- [What you should do]: Print every line from the start of the data, and when you reach the line with "Eine Schmalspurbahn, früher", include it and stop. Pictures are not part of the copy.

++++++++

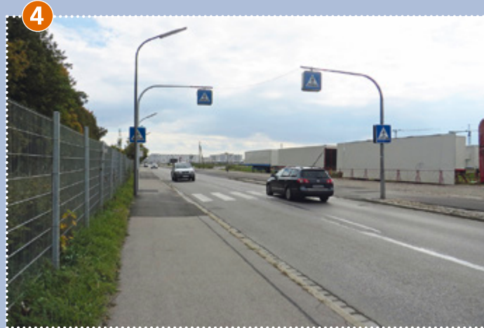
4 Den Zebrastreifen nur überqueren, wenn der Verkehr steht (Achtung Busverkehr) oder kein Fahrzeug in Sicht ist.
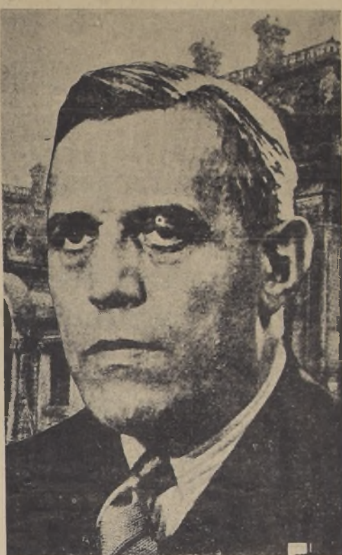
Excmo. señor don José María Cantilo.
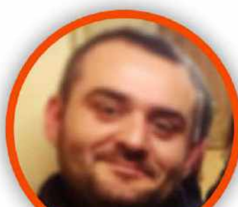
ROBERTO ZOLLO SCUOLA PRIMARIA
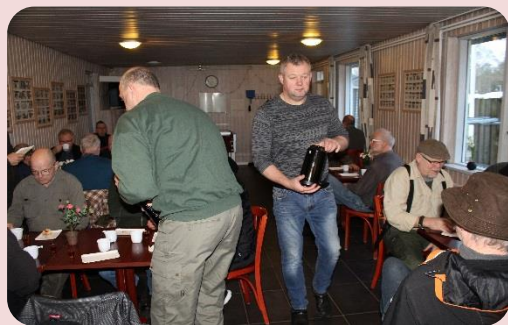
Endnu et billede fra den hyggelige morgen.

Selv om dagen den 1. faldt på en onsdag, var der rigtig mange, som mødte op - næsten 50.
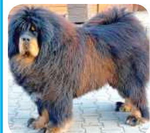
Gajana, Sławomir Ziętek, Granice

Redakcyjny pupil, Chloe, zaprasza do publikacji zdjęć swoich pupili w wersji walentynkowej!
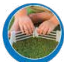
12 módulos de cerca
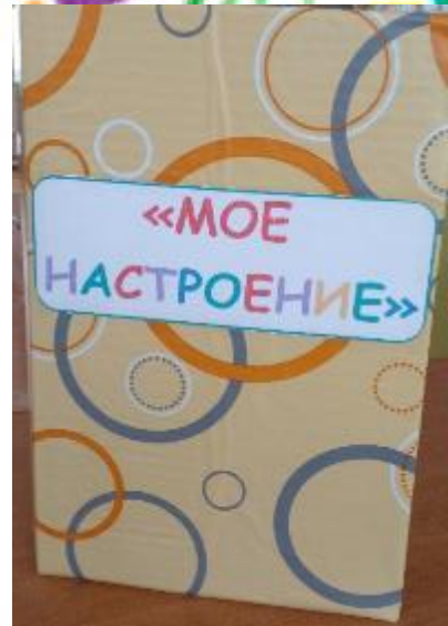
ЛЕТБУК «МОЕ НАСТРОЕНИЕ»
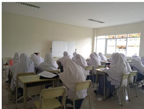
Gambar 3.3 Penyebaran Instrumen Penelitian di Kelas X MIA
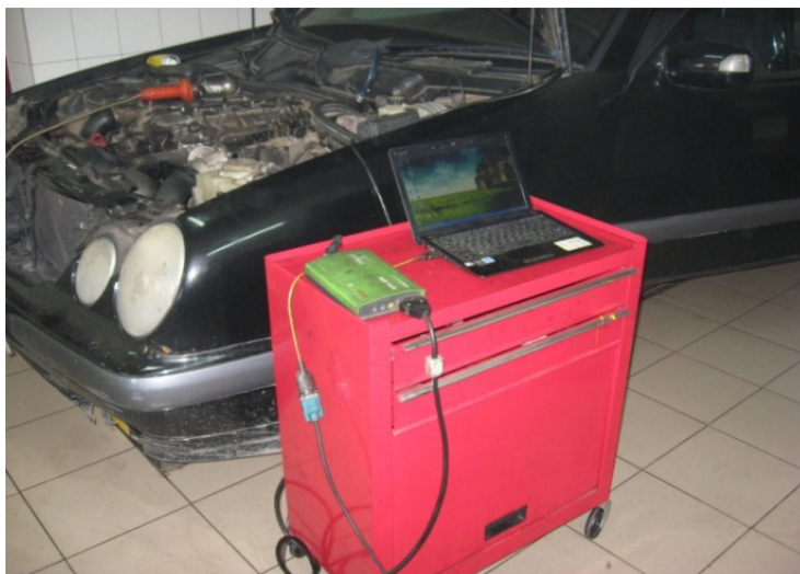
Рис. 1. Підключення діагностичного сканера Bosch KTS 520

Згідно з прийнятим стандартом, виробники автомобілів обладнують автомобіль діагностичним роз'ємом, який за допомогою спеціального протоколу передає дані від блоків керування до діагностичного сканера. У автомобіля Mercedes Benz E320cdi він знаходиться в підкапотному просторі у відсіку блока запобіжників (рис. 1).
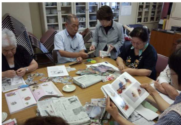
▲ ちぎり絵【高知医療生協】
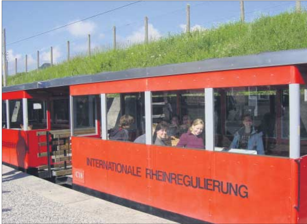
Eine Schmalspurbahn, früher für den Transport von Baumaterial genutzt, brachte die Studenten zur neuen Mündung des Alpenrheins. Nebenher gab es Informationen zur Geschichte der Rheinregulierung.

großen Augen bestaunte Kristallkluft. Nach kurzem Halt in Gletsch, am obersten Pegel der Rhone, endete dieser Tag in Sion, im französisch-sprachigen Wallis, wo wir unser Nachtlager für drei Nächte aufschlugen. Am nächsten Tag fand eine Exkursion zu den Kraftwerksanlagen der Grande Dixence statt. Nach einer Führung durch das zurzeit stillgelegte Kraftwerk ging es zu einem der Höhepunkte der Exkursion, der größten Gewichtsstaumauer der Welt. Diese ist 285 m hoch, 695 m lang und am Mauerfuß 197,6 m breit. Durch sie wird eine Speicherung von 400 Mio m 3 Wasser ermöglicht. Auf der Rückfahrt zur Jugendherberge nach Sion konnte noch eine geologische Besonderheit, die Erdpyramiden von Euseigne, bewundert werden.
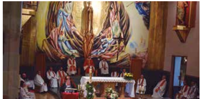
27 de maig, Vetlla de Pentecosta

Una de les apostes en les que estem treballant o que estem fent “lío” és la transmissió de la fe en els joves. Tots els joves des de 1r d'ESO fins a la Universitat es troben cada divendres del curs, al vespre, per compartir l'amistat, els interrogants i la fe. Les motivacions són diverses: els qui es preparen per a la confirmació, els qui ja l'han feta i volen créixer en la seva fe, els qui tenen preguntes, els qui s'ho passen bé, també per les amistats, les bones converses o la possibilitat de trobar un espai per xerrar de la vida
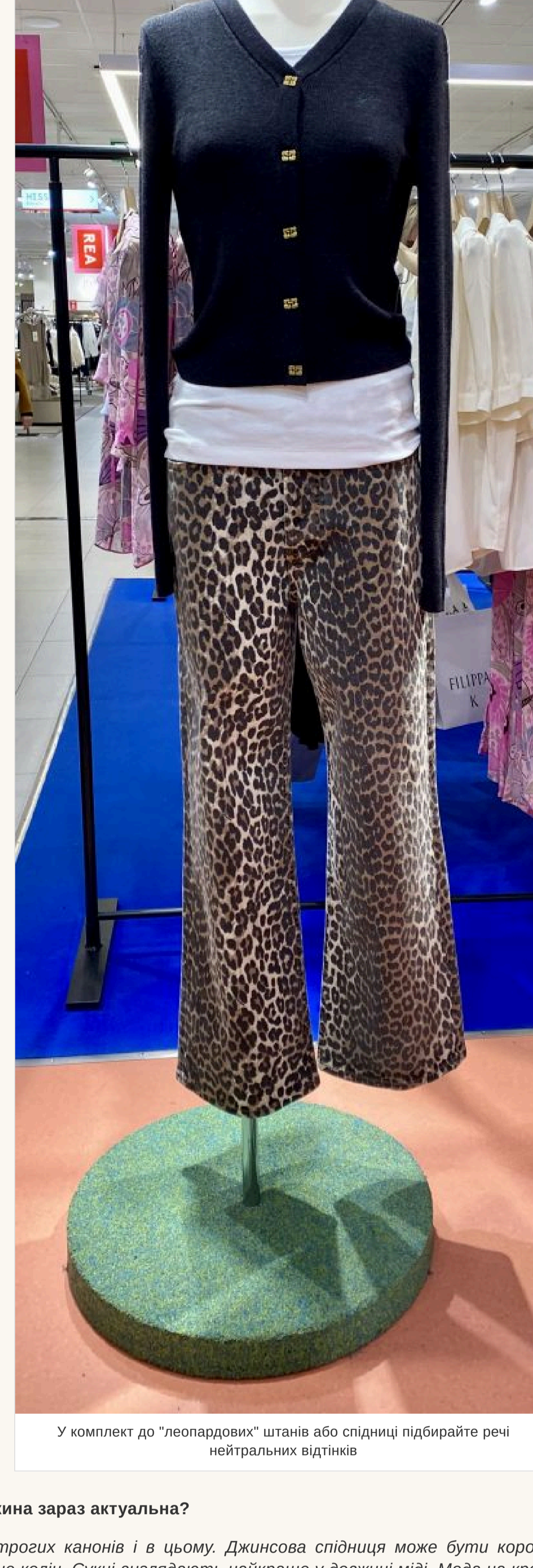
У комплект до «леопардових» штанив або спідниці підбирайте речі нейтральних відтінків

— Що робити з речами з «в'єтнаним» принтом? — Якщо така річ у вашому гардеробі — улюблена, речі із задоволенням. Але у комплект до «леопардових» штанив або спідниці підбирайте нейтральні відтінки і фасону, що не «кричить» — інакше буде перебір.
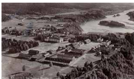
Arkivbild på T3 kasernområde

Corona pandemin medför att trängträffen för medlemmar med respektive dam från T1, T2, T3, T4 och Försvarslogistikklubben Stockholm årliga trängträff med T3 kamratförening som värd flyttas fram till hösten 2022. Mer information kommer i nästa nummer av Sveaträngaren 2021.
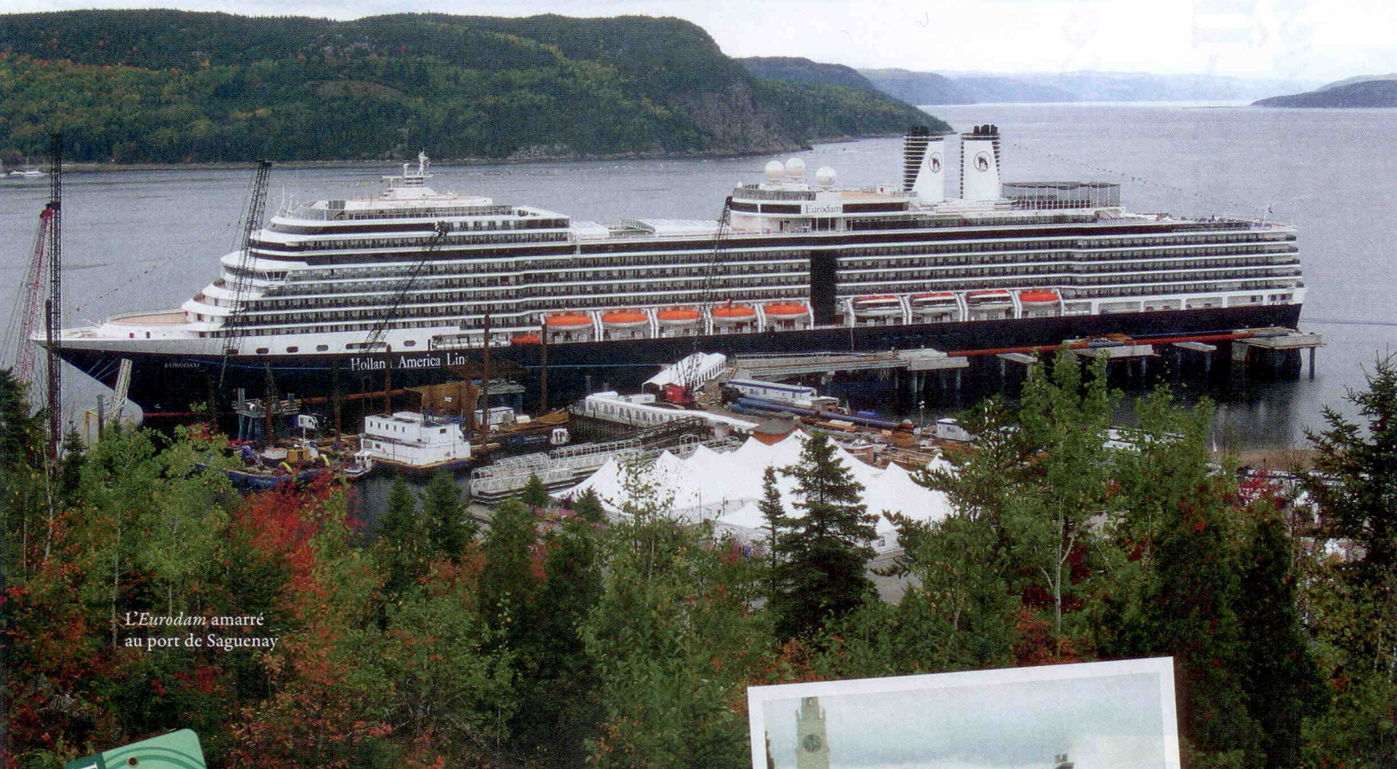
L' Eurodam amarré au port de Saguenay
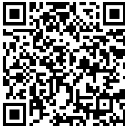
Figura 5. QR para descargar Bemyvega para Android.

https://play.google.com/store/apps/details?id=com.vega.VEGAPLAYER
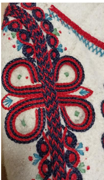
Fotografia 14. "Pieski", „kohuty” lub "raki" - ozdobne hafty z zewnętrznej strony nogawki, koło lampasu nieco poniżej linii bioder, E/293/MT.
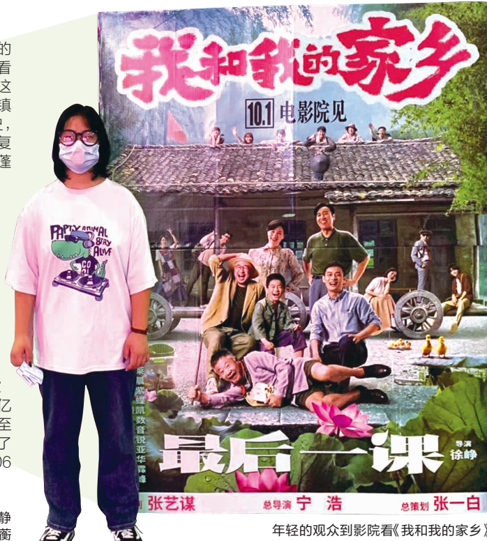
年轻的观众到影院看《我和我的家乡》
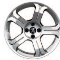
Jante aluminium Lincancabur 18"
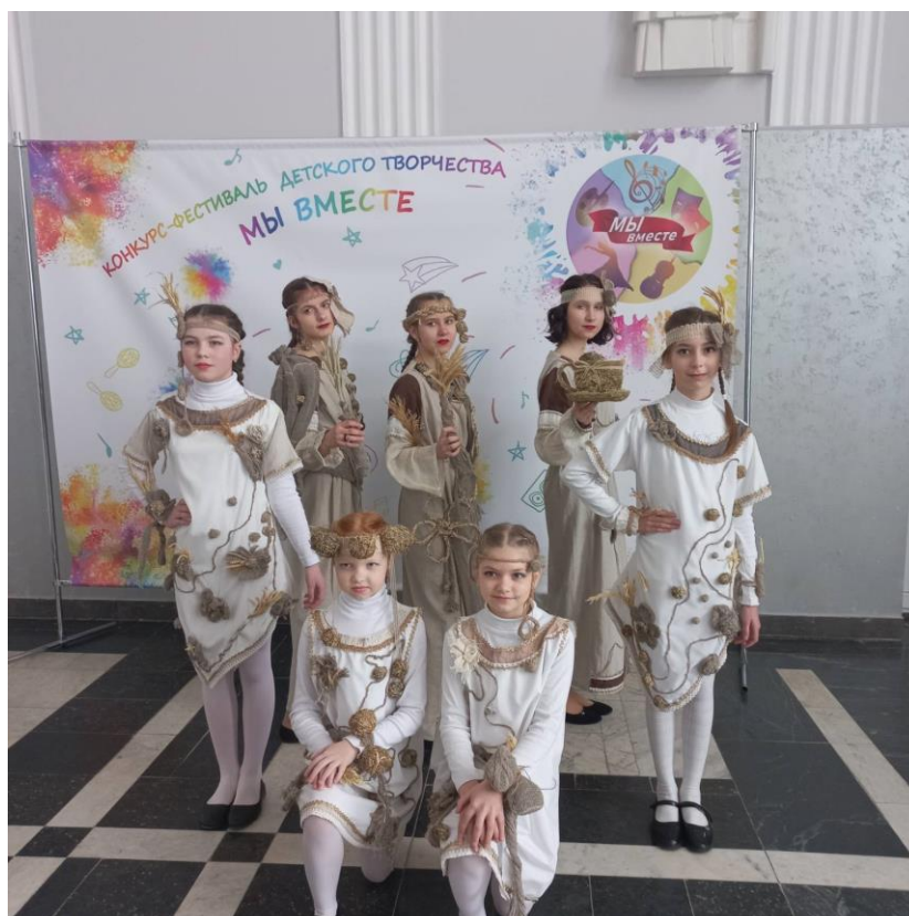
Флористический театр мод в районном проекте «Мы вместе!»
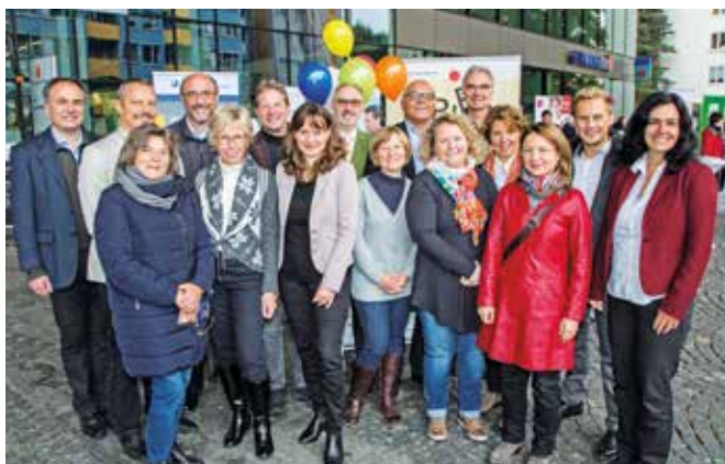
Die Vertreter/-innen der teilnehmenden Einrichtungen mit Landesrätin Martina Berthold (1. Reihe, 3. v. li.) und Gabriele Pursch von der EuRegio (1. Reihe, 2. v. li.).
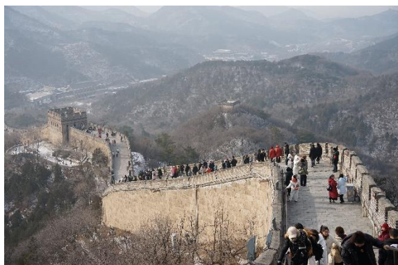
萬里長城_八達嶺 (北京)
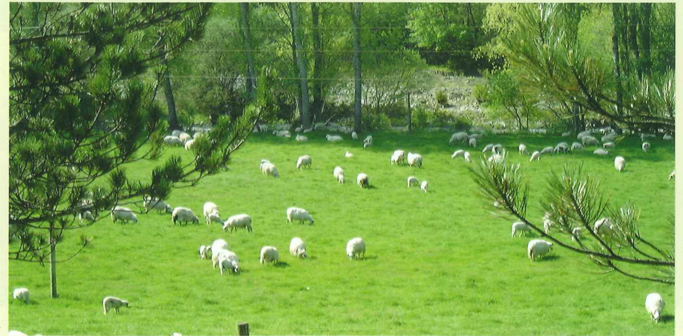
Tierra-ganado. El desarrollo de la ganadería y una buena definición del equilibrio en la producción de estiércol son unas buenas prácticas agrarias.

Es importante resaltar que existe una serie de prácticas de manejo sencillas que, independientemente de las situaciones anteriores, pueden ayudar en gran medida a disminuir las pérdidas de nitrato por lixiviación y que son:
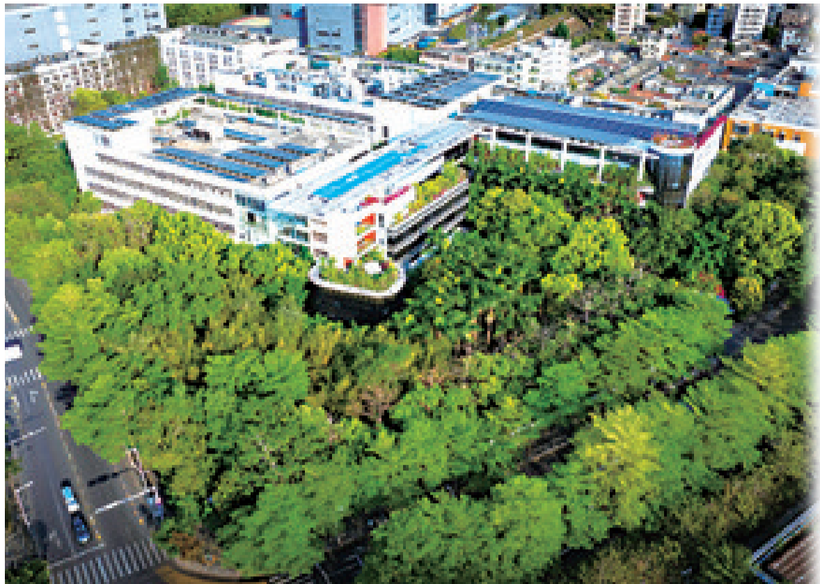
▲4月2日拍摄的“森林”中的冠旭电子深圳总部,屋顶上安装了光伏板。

++++++++

- [Response to the exercise]:
4 Den Zebrastreifen nur überqueren, wenn der Verkehr steht (Achtung Busverkehr) oder kein Fahrzeug in Sicht ist.
Excmo. señor don José María Cantilo.
ROBERTO ZOLLO SCUOLA PRIMARIA
Endnu et billede fra den hyggelige morgen.

Selv om dagen den 1. faldt på en onsdag, var der rigtig mange, som mødte op - næsten 50.
Gajana, Sławomir Ziętek, Granice

Redakcyjny pupil, Chloe, zaprasza do publikacji zdjęć swoich pupili w wersji walentynkowej!
12 módulos de cerca
ЛЕТБУК «МОЕ НАСТРОЕНИЕ»
Gambar 3.3 Penyebaran Instrumen Penelitian di Kelas X MIA
Рис. 1. Підключення діагностичного сканера Bosch KTS 520

Згідно з прийнятим стандартом, виробники автомобілів обладнують автомобіль діагностичним роз'ємом, який за допомогою спеціального протоколу передає дані від блоків керування до діагностичного сканера. У автомобіля Mercedes Benz E320cdi він знаходиться в підкапотному просторі у відсіку блока запобіжників (рис. 1).
▲ ちぎり絵【高知医療生協】
Eine Schmalspurbahn, früher für den Transport von Baumaterial genutzt, brachte die Studenten zur neuen Mündung des Alpenrheins. Nebenher gab es Informationen zur Geschichte der Rheinregulierung.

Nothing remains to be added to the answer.